Same Q/KV outputs as before (flydsl path validated bit-exact vs the pure-torch reference; cos > 0.9999 across all sweep shapes). Pure-GPU kernel time wins at every T on V4-Pro since the combined Q+KV single-launch halves per-call overhead.

Test plan

aiter op_test op_tests/test_flydsl_qk_norm_rope_quant.py — all sweep configs pass
CUDA-graph capture/replay regression (the NULL-stream pitfall fix)
V4-Pro GSM8K num_fewshot=3:
- no MTP: flexible-extract 0.9492 / strict-match 0.9500 (baseline 0.954, within ±1σ)
- MTP3: 0.9492 / 0.9492 (within ±1σ)
V4-Pro 1024/1024 c=64 trace verifies the unified helper fires on both prefill and decode paths.
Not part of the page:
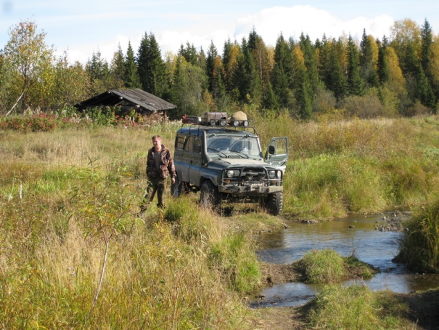 скрытие показало – ха гриб, всего лишь гриб. Вот только сломался не обычно, лопнула не ось, а тарелка, и отломками полностью заклинило полуось. Вот это и ввело в заблуждение, ни разу до этого не заклинивало, у меня мост. Запасной гриб есть и даже не одини ремонт проходит уже в приподнятом настроении - разобрать, помыть, поменять всего лишь дело техники. И снова в путь. На исходе 3 его дня из 3 отпущенных контрольных дней, преодолев эпическую кучу поперечных канав, бродик через р. Колва (всего до бампера), прибываем в д. Талово. Время к полуночи, темно, а вот и знакомый Дефендер– Друзья здесь. Все выбежали из дома, услышав работу машины. Ждут давно. Закатили пир горой на половину ночи.

…efer flydsl) Add `atom/model_ops/v4_kernels/qk_norm_rope_maybe_quant.py` — a single wrapper that fuses per-head Q + KV RMSNorm + GPT-J RoPE (+ optional FP8 quant) in one launch. Auto-dispatches to `flydsl_qk_norm_rope_quant` for the V4-Pro shape (H=16, D=512, RD=64) and falls back to the existing Triton kernel on other shapes. Replaces the inline `fused_qk_norm_rope_swa_write` triton helper in `deepseek_v4.py`; decode path now calls the unified helper then issues a standalone `swa_write`, prefill path uses the same wrapper without swa_write. Removes the parallel `DualRMSNorm` + dead `q_norm2` / `_make_weightless_rmsnorm` plumbing. Also fix `scripts/wait_server_ready.sh`: snapshot the log byte size at start so errors from a prior failed launch can't false-trigger the "Server FAILED" detection on the next start.

Copilot

Pull request overview

This PR consolidates DeepSeek-V4’s per-token Q/KV RMSNorm + GPT‑J RoPE (and optional FP8 quant plumbing) behind a single wrapper (qk_norm_rope_maybe_quant), preferring a FlyDSL fast-path when available, and updates the DeepSeek-V4 attention path to use this unified helper. It also hardens the server-wait script against stale log errors from prior runs.

Changes:

Add atom/model_ops/v4_kernels/qk_norm_rope_maybe_quant.py implementing a fused Triton kernel plus optional FlyDSL dispatch and a torch reference implementation.
Update atom/models/deepseek_v4.py to use qk_norm_rope_maybe_quant for both decode and prefill, and remove the old inline fused helper / DualRMSNorm plumbing.
Update scripts/wait_server_ready.sh to ignore error strings from log content that existed before the current start.

Reviewed changes

Copilot reviewed 4 out of 4 changed files in this pull request and generated 10 comments.

File	Description
scripts/wait_server_ready.sh	Avoids false “FAILED” detection by only scanning log bytes appended after startup begins.
atom/models/deepseek_v4.py	Switches Q/KV norm+rope to the unified helper and removes legacy fused/dual-norm code paths.
atom/model_ops/v4_kernels/qk_norm_rope_maybe_quant.py	New fused norm+rope (+optional quant) kernel wrapper with FlyDSL/Triton paths and reference implementation.
atom/model_ops/v4_kernels/init.py	Exposes the new helper and reference function from the v4_kernels package.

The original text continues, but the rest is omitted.